Этот город устраивал так много мультикультурных уличных фестивалей, что куда там символическим песням фестиваля кванза[50] на рождественских концертах в американских средних школах.

Разумеется, гедонистический космополитизм Берлина был осложнен его непроглядным национальным прошлым. На каждую танцевальную вечеринку ночь напролет приходилась сверкающая медная плита с именами убитых, на каждую художественную инсталляцию приходился заброшенный участок земли, успыпанный битым стеклом (а иногда это было одно и то же), на каждую расово смешанную пару, занимающуюся сексом на берегах Ландвер-канала, приходилась чета старых немцев, которые шли домой, ссутулившись от воспоминаний более тяжелых, чем купленные ими продукты. Немцев никогда не обвиняли в легкомыслии, и многие носили свою историю, как власяницу. Как и следовало, сказал бы кое-кто.

Не знаю. Но шизофреническая борьба Берлина была мне знакома. Это был отпуск домой иного рода, изнурительный внутренний маршрут между жизнью и скорбью. Горе и вина от того, что я пережила Софи, окружали меня в Берлине – в каждой статуе с печальными глазами, пустой церкви, полуразрушенном еврейском кладбище, неловком молчании. Конечно, они не были такими же.
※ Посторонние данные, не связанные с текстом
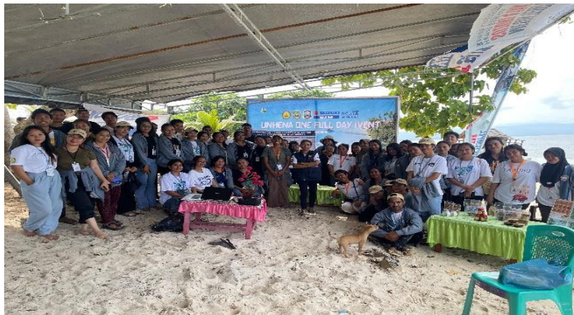
Gambar 4. Dokumentasi Pemateri dan Peserta Penyuluhan
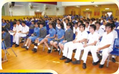
同學們在等候點票結果
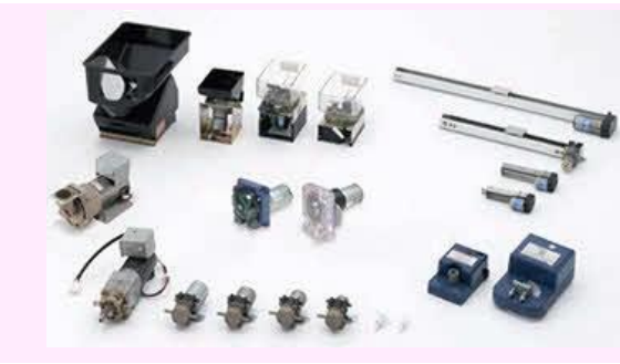
【コインホッパー、コーヒーミル等】

多品種・小ロット・短納期に対応するため、独自の生産計画システムや品目別のU字ラインを採用。5S（整理・清潔・清掃・整頓・躰）運動や作業改善、品質向上、短納期化、事務合理化を推進
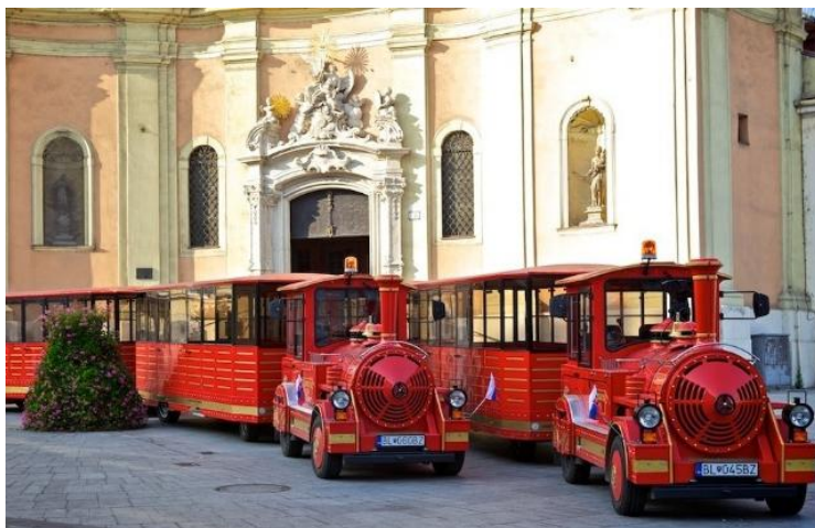
'n "Mini train tour" van Bratislava...
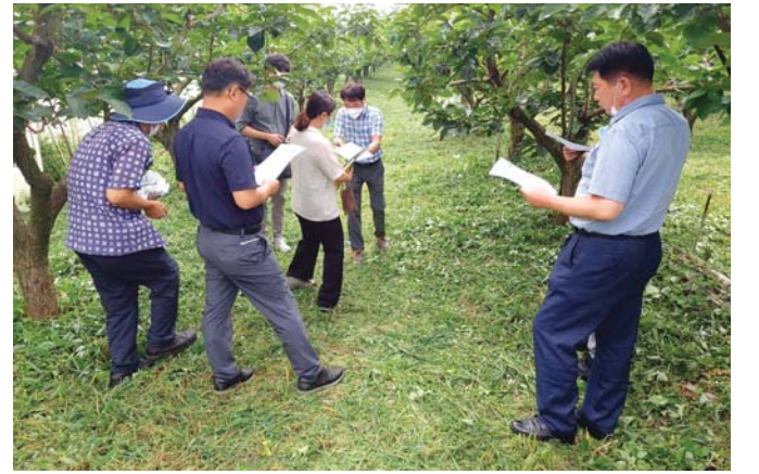
장성군 관계자들이 한 과수농장에서 낙과피해 등을 조사하고 있다.

열풍방상팬은 지주하단부에 설치된 열풍시스템의 뜨거운 공기를 강제 순환시켜 저온이나 서리 피해를 줄여준다. 미세 살수장치는 과수원 내에 안개처럼 물을 뿌려 주위의 온도를 상승시킨다. 장성군은 농업재해로 시름을 앓고 있는 과수농가의 빠른 재기와 이상기온에 대한 선제적 대응을 위해 추경예산 포함 사업비 2억3000만원을 확보하고 지원을 추진할 방침이다.
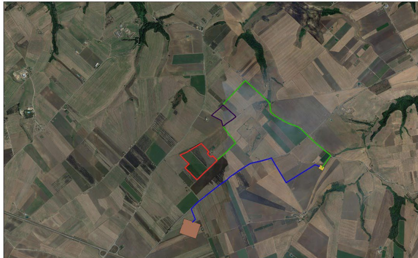
Figura 1 – Ortofoto con indicazione dell'area impianto e del tracciato di connessione.
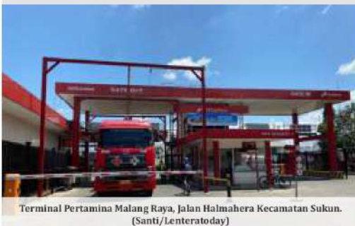
Terminal Pertamina Malang Raya, Jalan Halmahera Kecamatan Sukun.

JAKARTA – PT Pertamina (Persero) memutuskan untuk tidak menaikkan harga seluruh jenis bahan bakar minyak (BBM) umum atau non-subsidi di tengah tren kenaikan harga minyak mentah dunia dan juga kurs per
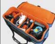
Arri Koffer 2 x 650 W 2 x 300 W Stative
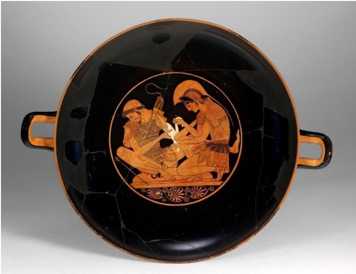
Fonte: SOSÍAS, Aquiles tratando das feridas de Pátroclo, cálice ático, 500 a.C. Disponível em: https://www.smb.museum/en/museums-institutions/alters-museum/collection-research/collection-highlights/ . Acesso em: 01/06/2025.

O vaso é um cálice ático intitulada Aquiles tratando as feridas de Pátroclo e data aproximadamente de 500 a.C. Atualmente, ele se encontra no Kunsthistorisches Museum em Berlim. A cena retrata Aquiles tratando os ferimentos de Pátroclo, que vira a cabeça e tem uma expressão de dor. Enquanto Aquiles cuidadosamente enfaixa seu braço, observa-se que ambos portam suas armaduras de guerra. No entanto, a cena não é narrada na Iliada , embora não seja improvável imaginar algo parecido na poesia de Homero, visto que o relacionamento dos dois se baseava no companheirismo e cuidados mútuos. Outro ponto abordado por Lightner (2024, p. 34) são as relações pederásticas na Grécia Antiga, nas quais jovens do sexo masculino mantinham um relacionamento sexual e romântico com homens mais velhos. Aqui, a relação era de mentor-pupilo. O mentor era denominado erastes (“amante”) e o pupilo era o eromenos (“amado”), um jovem que deveria ter mais de 12 anos e menos de 18 (CORINO, 2006, p. 22). A relação iniciava-se com um cortejo e o adolescente avaliava se o erastes seria um mentor digno, pois o parceiro em potencial deveria oferecer educação aristocrática e social, além de uma rede social e política ampliada e acesso a círculos de classes mais altas.
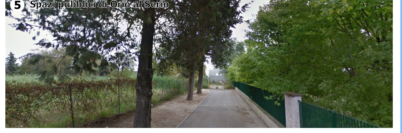
Condizione percettiva parziale (V2) in presenza di vegetazione arborea e manufatti
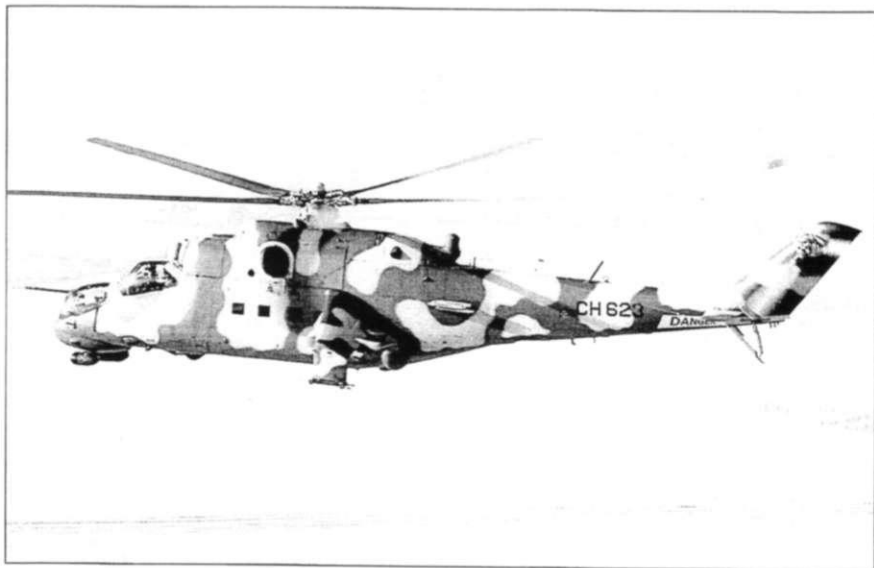
Облет Ми-35 чешским экипажем в ходе передачи ланкийской стороне.

Отметим, что все вылеты достаточно долго выполняли только украинские экипажи, так как подготовка «местных кадров» (пятерых пилотов и 26 техников) велась от случая к случаю – во время затишья в боях. Вертолетчиков переучивали с Bell 212 – обычно для этого хватало примерно 18 часов занятий.
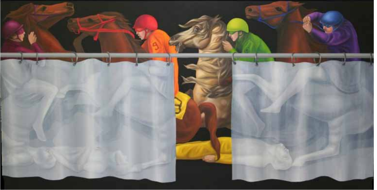
Alexander's Tomb Tuval Üzerine Yağlıboya 94x176 cm
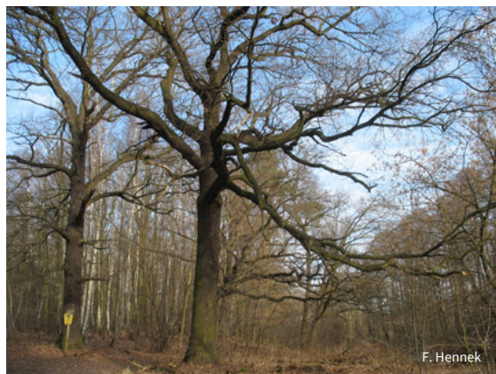
Alte Huteeichen zeugen von der Waldweide vergangener Jahrhunderte.

Zur Ergänzung ihrer Flächen bemüht sich die NABU-Stiftung um den Erwerb des Kindelsees, der ebenfalls dem Prozessschutz unterstellt werden soll.
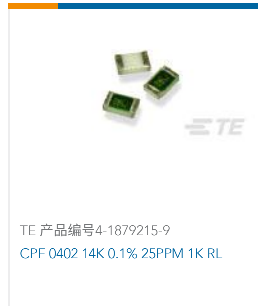
TE 产品编号4-1879215-9 CPF 0402 14K 0.1% 25PPM 1K RL
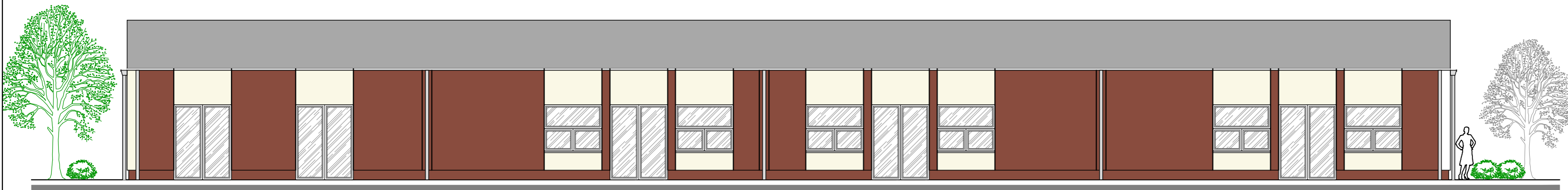
ELEWACJA POŁUDNIOWO - WSCHODNIA
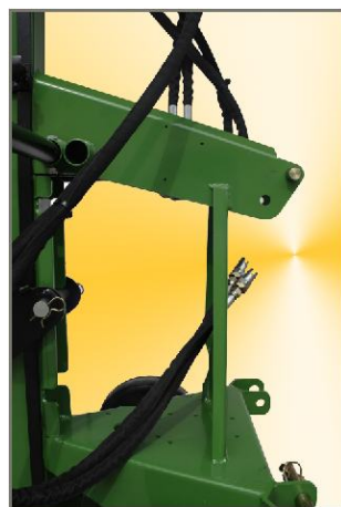
Ausstattung: Hydraulischer Anschluss an Zugmaschine
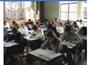
Candidatos ao TEP prestam exame em 2005.

comprovante de Especialização em Pediatria, realizada em território brasileiro e em instituição brasileira reconhecida pelo MEC, com carga horária mínima de 1.800 horas; apresentar declaração emitida por dois sócios quites da SBP ou pelo presidente de uma das filiais da SBP constando que o candidato vem exercendo exclusivamente a Pediatria nos últimos dez anos;
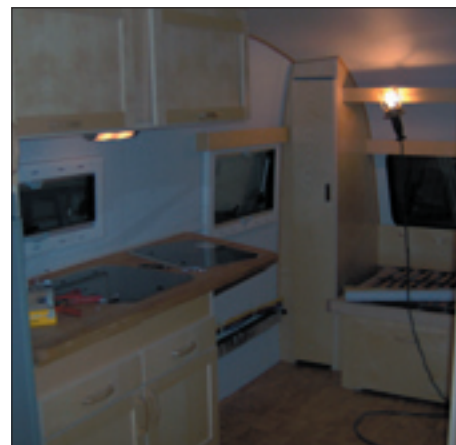
Interiören på den anpassade fullbreddsmodellen. Under diskbänken kommer man t ex inte att sätta in några skåp, så att man med en rullstol ska kunna åka ända intill.
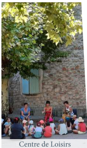
Centre de Loisirs

PAYS des VANS EN CÉVENNES COMMUNAUTÉ DE COMMUNES
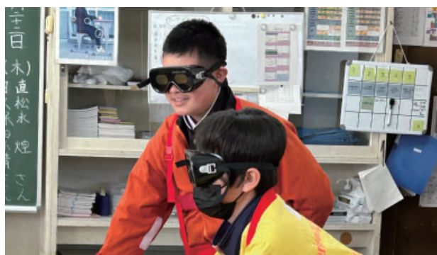
永蔭会員【病院のお仕事とリハビリについて】
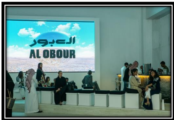
شكل (8): جانب من معرض العبور.1

بجدة، لافتةً إلى أن الدورة الحالية للمعرض ستستخدم للمرة الأولى الإنسان الآلي للتفاعل مع الجمهور، إضافة إلى تسخير التقنية الحديثة في إيجاد تجربة تفاعلية مع المعارضات الفنية مستوحاة وتصب في مفهوم العبور. شكل (8).
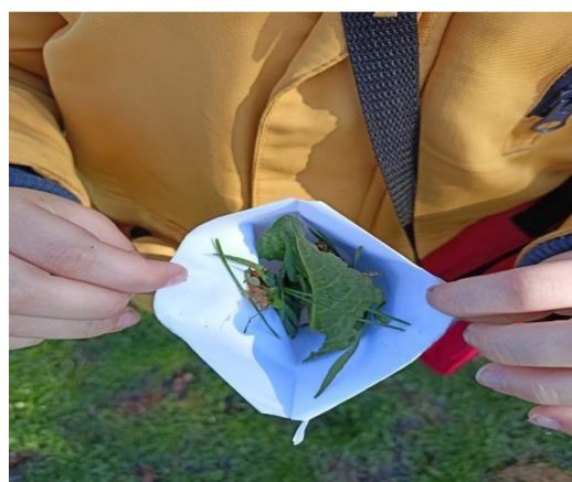
Obrázek 8: Vůňový koktejl
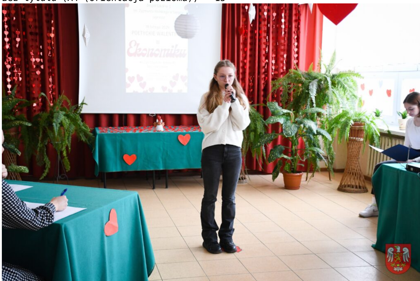
Bez tytułu (A4 (orientacja pozioma)) – 16
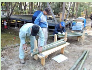
部会でのベンチ製作

【森の環境づくり部会】 4月のオープニングに向けて2/28にベンチの製作を行いました。オープニングでは、竹筒を使った甘酒ふるまいなどを企画しています。自然と触れあい、手や体を動かすのが好きな方はぜひご参加ください。
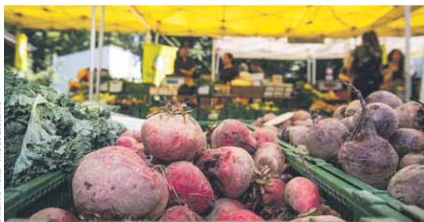
Une offre fraîche et locale tous les vendredis.

Vous avez ici une offre fraîche et locale, et parfois bio. Les stands vous proposent notamment des fruits et légumes, des produits de boucherie, de fromagerie et de boulangerie. Cerise sur le gâteau, des vigneron et des brasseurs de
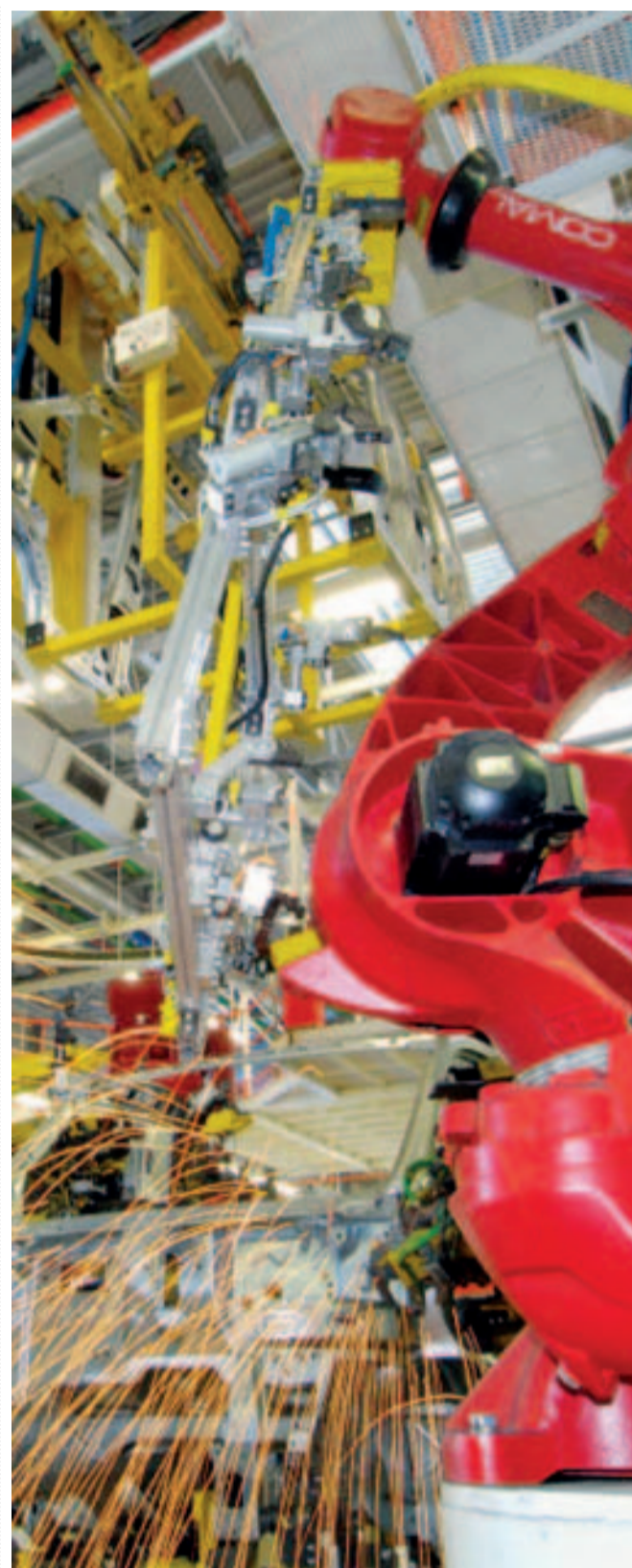
L'AVANGUARDIA INDUSTRIALE TARGATA COMAU
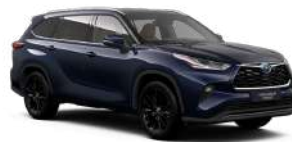
8X8 Темно-синій, металік
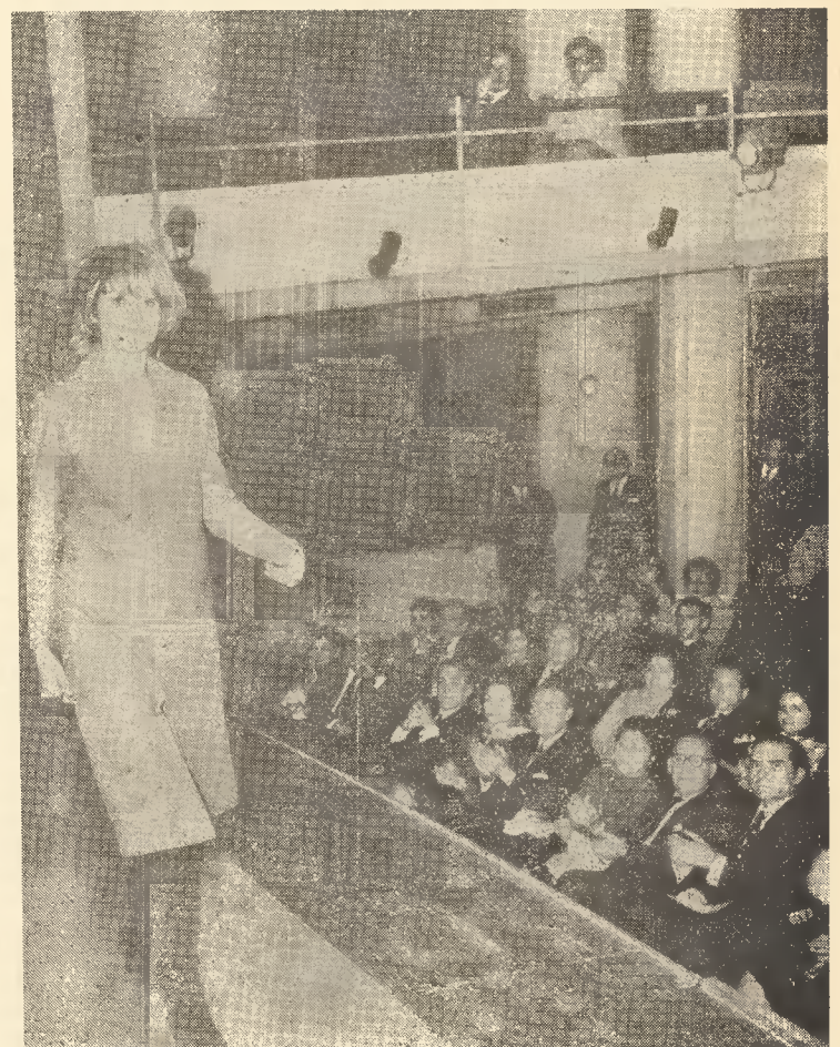
Κατὰ τὴν ἐορτὴν τῆς πίττας τοῦ Προμηθευτικῶ Συνηταιρισμοῦ μας, ἐγένετο καὶ ἐπίδειξις μοντέλλων διαφόρων οἴκων, συνεργαζομένων μετὰ τοῦ Συνηταιρισμοῦ.

Но они разговаривали между собой.

Боль места может сделать терпимее твою боль. На фоне пульсирующей боли Пномпеня, где я делала репортажи во время учебы в колледже, как и на фоне все еще зияющих шанхайских ран, нанесенных «культурной революцией», моя казалась нормальной. По контрасту, Энн-Арбор, где я училась в колледже, был слишком веселый, слишком чистенький, слишком добродушный, слишком американский.

Приезд в Берлин можно было сравнить с уходом из магазина «Холмарк» в пригородном торговом центре ради прогулки в лесной чаще. Я покинула фальшивое выражение сочувствия ради общества, до мозга костей проникнутого печалью. Везде в Берлине я видела памятники кошмарам, войнам и стенам. Но кое-что и росло: сквозь бетон пробивались полевые цветы, над линиями городской железной дороги нависали ветки ежевики, плющ увивал уцелевшие жилые здания, едва скрывая следы от пуль.


Несмотря на мои первоначальные честолюбивые замыслы о покорении этого города на манер энергичной, не стесняющейся в средствах Бренды Старр[51], ряд проверок в реальных условиях настолько изменил данную карьерную цель, что теперь, девять месяцев спустя, я пополнила вместо этого невидимые, однако весьма звучные ряды англоговорящих актеров, работавших на озвучке. Каждую неделю я записывала различные MP3-диски, а не новости.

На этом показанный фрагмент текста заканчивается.